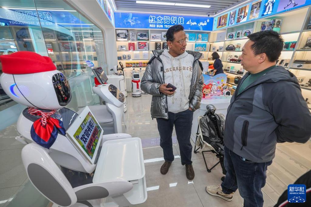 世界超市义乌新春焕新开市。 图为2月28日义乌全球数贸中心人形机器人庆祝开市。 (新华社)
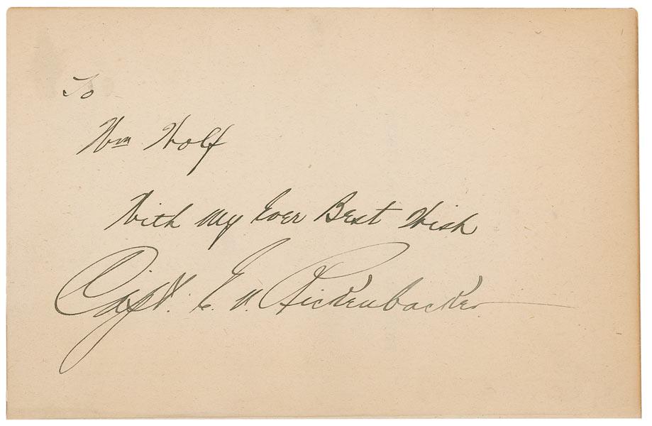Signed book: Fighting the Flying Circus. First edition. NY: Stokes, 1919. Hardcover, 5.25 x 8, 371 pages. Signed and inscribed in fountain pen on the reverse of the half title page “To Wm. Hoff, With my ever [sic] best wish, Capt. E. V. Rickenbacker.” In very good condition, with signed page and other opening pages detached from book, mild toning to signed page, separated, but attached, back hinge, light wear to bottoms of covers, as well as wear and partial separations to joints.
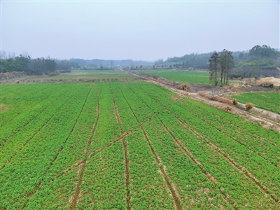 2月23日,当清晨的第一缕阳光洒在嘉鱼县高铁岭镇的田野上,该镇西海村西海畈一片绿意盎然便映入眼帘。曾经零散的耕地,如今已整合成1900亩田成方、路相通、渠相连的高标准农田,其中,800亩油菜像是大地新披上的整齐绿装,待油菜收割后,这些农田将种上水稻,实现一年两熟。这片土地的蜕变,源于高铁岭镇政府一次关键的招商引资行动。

---

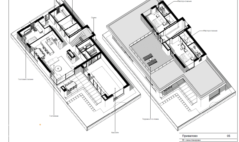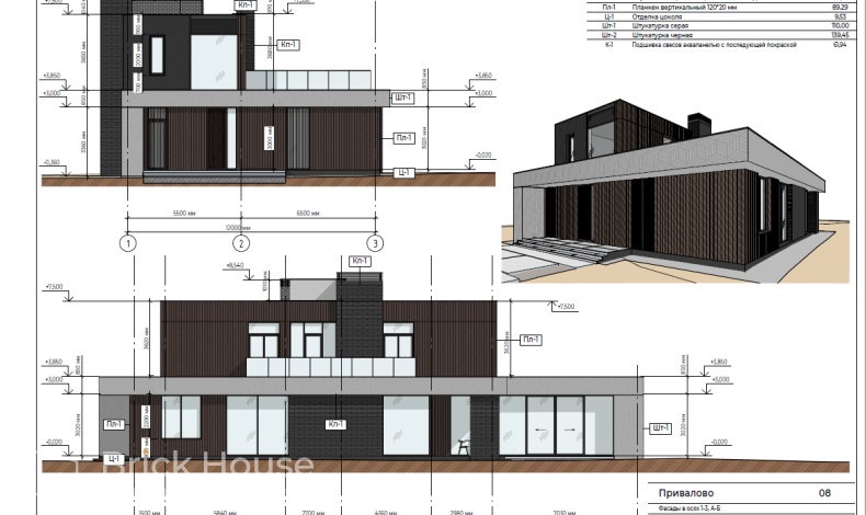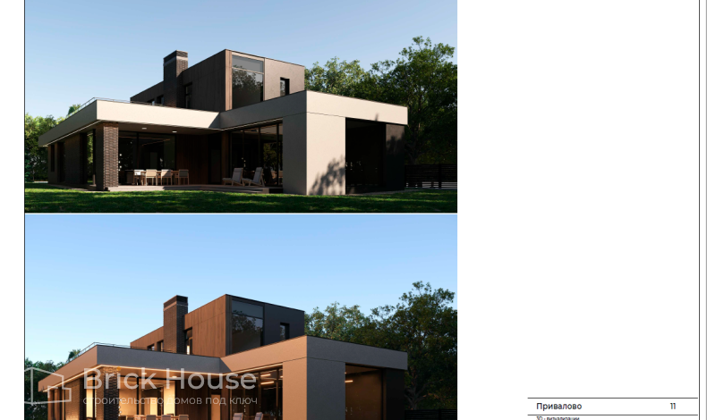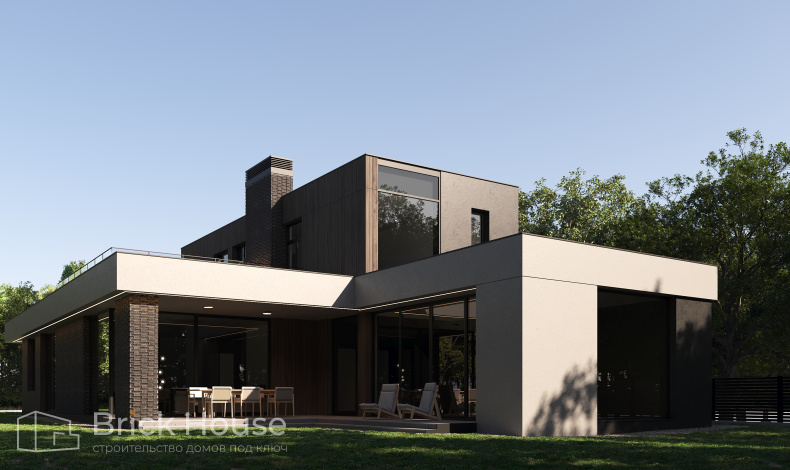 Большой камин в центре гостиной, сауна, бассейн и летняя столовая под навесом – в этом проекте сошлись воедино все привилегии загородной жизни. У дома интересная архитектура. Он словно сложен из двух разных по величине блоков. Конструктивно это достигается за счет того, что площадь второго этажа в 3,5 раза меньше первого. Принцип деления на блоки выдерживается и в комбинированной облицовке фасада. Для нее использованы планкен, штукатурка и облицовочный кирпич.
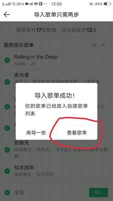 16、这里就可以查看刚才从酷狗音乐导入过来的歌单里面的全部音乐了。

▶ [WHAT NEEDS TO BE DONE]
Take the entries above and copy exactly the lines starting at the one with "世界超市义乌新春焕新开市。 图为2月28日义乌全球数贸中心人形机器人庆祝开市。 (新华社)" and ending at the one with "2月23日,当清晨的第一缕阳"; nothing outside that span, and no pictures.

▶ [THE ANSWER]
 世界超市义乌新春焕新开市。 图为2月28日义乌全球数贸中心人形机器人庆祝开市。 (新华社)
Signed book: Fighting the Flying Circus. First edition. NY: Stokes, 1919. Hardcover, 5.25 x 8, 371 pages. Signed and inscribed in fountain pen on the reverse of the half title page “To Wm. Hoff, With my ever [sic] best wish, Capt. E. V. Rickenbacker.” In very good condition, with signed page and other opening pages detached from book, mild toning to signed page, separated, but attached, back hinge, light wear to bottoms of covers, as well as wear and partial separations to joints.
 2月23日,当清晨的第一缕阳光洒在嘉鱼县高铁岭镇的田野上,该镇西海村西海畈一片绿意盎然便映入眼帘。曾经零散的耕地,如今已整合成1900亩田成方、路相通、渠相连的高标准农田,其中,800亩油菜像是大地新披上的整齐绿装,待油菜收割后,这些农田将种上水稻,实现一年两熟。这片土地的蜕变,源于高铁岭镇政府一次关键的招商引资行动。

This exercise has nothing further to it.